Missa brevis (Haydn)
The Missa brevis in F major, Hob. XXII:1, is a mass by Joseph Haydn. According to Dack it is Haydn's "earliest authenticated work." It also represents some of the last of his compositional activity, as in his old age he spent some time attempting to revise it.
Composition
Dack (2009) suggests that Haydn originally composed the work when he was still a teenaged chorister at St. Stephen's Cathedral, singing under the direction of Georg Reutter. In its original form, the mass was scored for fairly rudimentary forces: two violin parts, continuo, a four-part chorus, and solo parts for two trebles. When the young Haydn, newly unemployed after being dismissed from the choir at St. Stephen's, made a pilgrimage to Mariazell, the Missa brevis was one of the works he showed the music director there.
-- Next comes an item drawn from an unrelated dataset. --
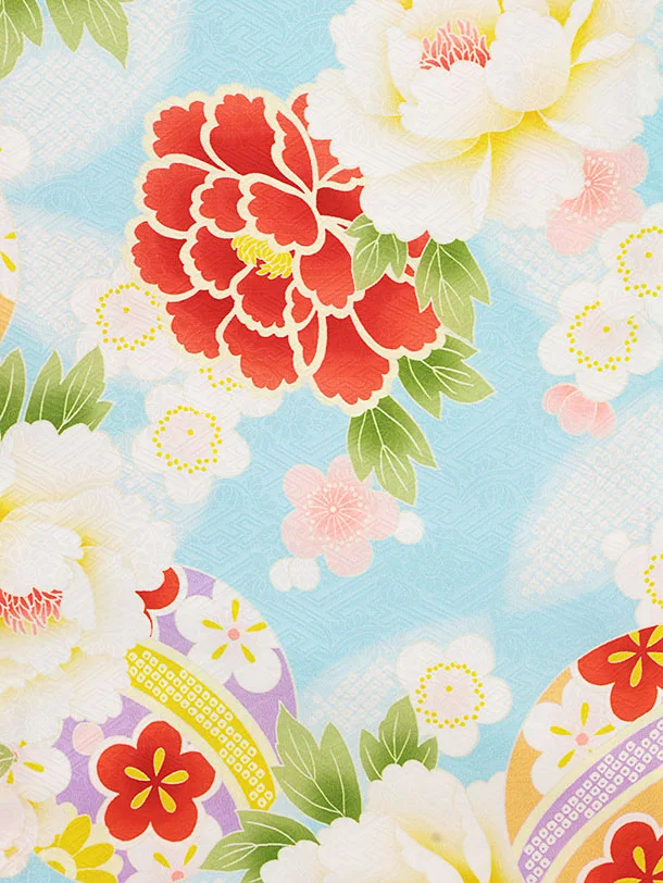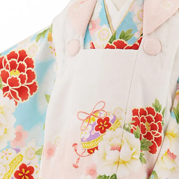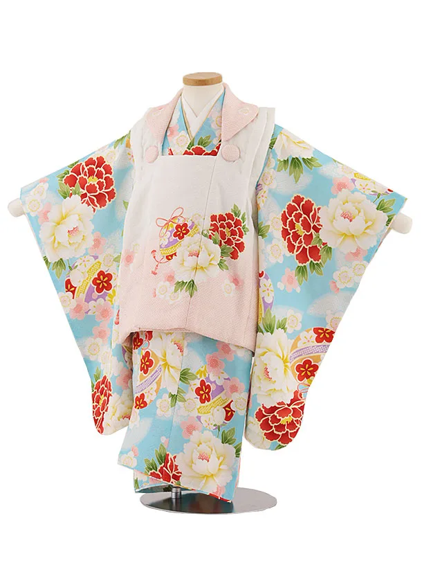 七五三レンタル(3歳女児被布)4642【正絹】白地ぼかし×水色牡丹に鞠

The work is a clear example of the Austrian missa brevis form. Redlich writes of "the Austrian type of the Missa Brevis, notorious for the hurried expediency with which large tracts of the text of the Mass are musically disposed of. In the Creed the text from "Patrem omnipotentem" to "Et vitam venturi" is dealt with in no more than twenty-nine bars. This is managed by the simultaneous singing of different sentences—the profession of catholic faith, "Et unam sanctam catholicam ... ecclesiam", tucked away in the contralto." Redlich adds that, like similar instances of the missa brevis, Haydn repeats the music for the Kyrie in the final "Dona nobis pacem" section.